Virgin Money faces an uphill struggle to make a meaningful impact on British banking, despite buying Northern Rock for a knockdown £747m and earmarking a possible flotation for as soon as 2014, City analysts warned yesterday.

The deal is the first disposal of any part of the vast tranche of the banking industry taken into state hands during the financial crisis, although the price is £375m short of Northern Rock's net asset value of £1.122bn. The price could increase to £1bn depending on performance.

Sources close to the deal said that while the price, at 0.9 times "book value", represented a loss, it looked better when compared with most of the banking sector, which trades on the stock market at about 0.5 times book value.

Virgin Money's chief executive, Jayne-Anne Gadhia, said: "We feel we paid a very, very full price. From our perspective we have paid £1bn of value with £747m in cash, £150m of additional capital into the business and more dependent on performance.

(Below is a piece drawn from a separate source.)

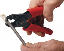 Perform 360° crimps on the external ground tab of shielded RJ45 connectors. Tool design allows the installer to perform a concentric termination with full control, preventing over/under crimping the external ground tab.

"It is our ambition to float this business, not because our investors want an exit but to access growth capital at the same price as our competitors. I think this is an important step and gives us an opportunity to grow and a presence on the high street.

The "bad" part of Northern Rock, now known as Northern Asset Management and containing nearly all of the high-risk loans it advanced before the credit crunch, remains in the taxpayers' hands. Northern Rock's 75 branches will be rebranded as Virgin Money but its operations in Newcastle will be retained. The bank's market share is just 1.5 per cent of savings and 1.2 per cent of mortgages; as such, it barely scrapes into the top 10.

However, a combination with Virgin Money will create an entity with 4 million customers – one million of whom will come from Rock. It will rank as Britain's seventh-biggest lender. Further firepower will be added if Ms Gadhia can buy the UK credit-card business being sold by Bank of America.